Bolsonaro's campaign basically rests on his record to date and continuing down the same road of neo-liberal nation-wrecking and taking no social responsibility for the lives and well-being of the Brazilian people. The tragic and unforgivable consequences of this were on full display during the pandemic.

Lula's platform revolves around rebuilding the country after six years of the anti-social offensive launched after President Dilma Rousseff, of the PT, was removed in a coup in 2016 to placate the international financial oligarchy. After that the coup forces took aim at Lula to prevent the people's forces from returning him and a PT government to office in 2018, so the wrecking could continue. The program for rebuilding Brazil that Lula is running on today calls for investing in social programs, combating inflation by controlling prices, protecting the environment and defending Brazil's sovereignty.


Bitter Experience of 2018 Election

In the last election, as in the current one, Lula consistently led all the voter intention polls. This was in spite of his being in prison and having to fight one legal battle after another to defend himself against trumped-up corruption charges aimed at destroying his reputation and taking him out of the running for a third term as president. The operation mounted against him involved persecution in the media and by politicized judicial actors on a mission to have him convicted, jailed and disqualified as a candidate -- without evidence and in violation of his right to due process and the presumption of innocence.

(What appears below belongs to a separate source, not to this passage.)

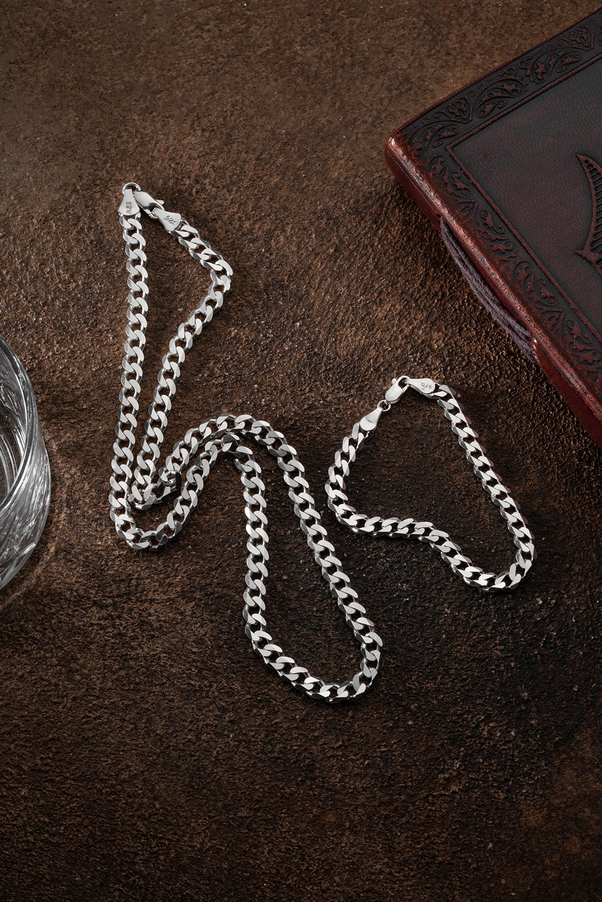Das Set beinhaltet eine silberne Panzerkette mit einer Breite von 4,5 mm, die sowohl eine Halskette als auch ein Armband umfasst. Sowohl das eine als auch das andere Teil des Sets bestehen aus feinstem 925er Silber. Dies sorgt für eine attraktive Erscheinung und gewährleistet eine lange Lebensdauer. Das 925er Silber, auch Sterlingsilber genannt, setzt sich zu 92,5% aus reinem Silber und zu 7,5% aus anderen Metallen zusammen, meist Kupfer. Dies erhöht die Festigkeit und verringert das Risiko des Anlaufens. Das klassische Panzerketten-Design, das für seine Robustheit und seinen komfortablen Sitz bekannt ist, wird von der Halskette und dem Armband aufgegriffen. Die Glieder sind genau bearbeitet, was eine glatte und angenehme Tragefläche schafft – perfekt für den täglichen Gebrauch. Die Verschlüsse der beiden Schmuckstücke sind robust hergestellt und garantieren eine sichere

The Armed Forces were also mobilized to play a role. The Chief of Staff of the Army issued a thinly veiled threat via Twitter to the justices of the Supreme Court, that the Army would "reject impunity" should the court not deny Lula's bid to remain out of jail. Lula had made it clear he would continue to fight as long as there were still avenues open for him to appeal the harsh prison sentence handed to him by the architect of the judicial war ("lawfare") being waged against him.

It is worth recalling that following a U.S.-supported coup in 1964 the Brazilian people suffered through 21 years of bloody military rule that only ended in 1985.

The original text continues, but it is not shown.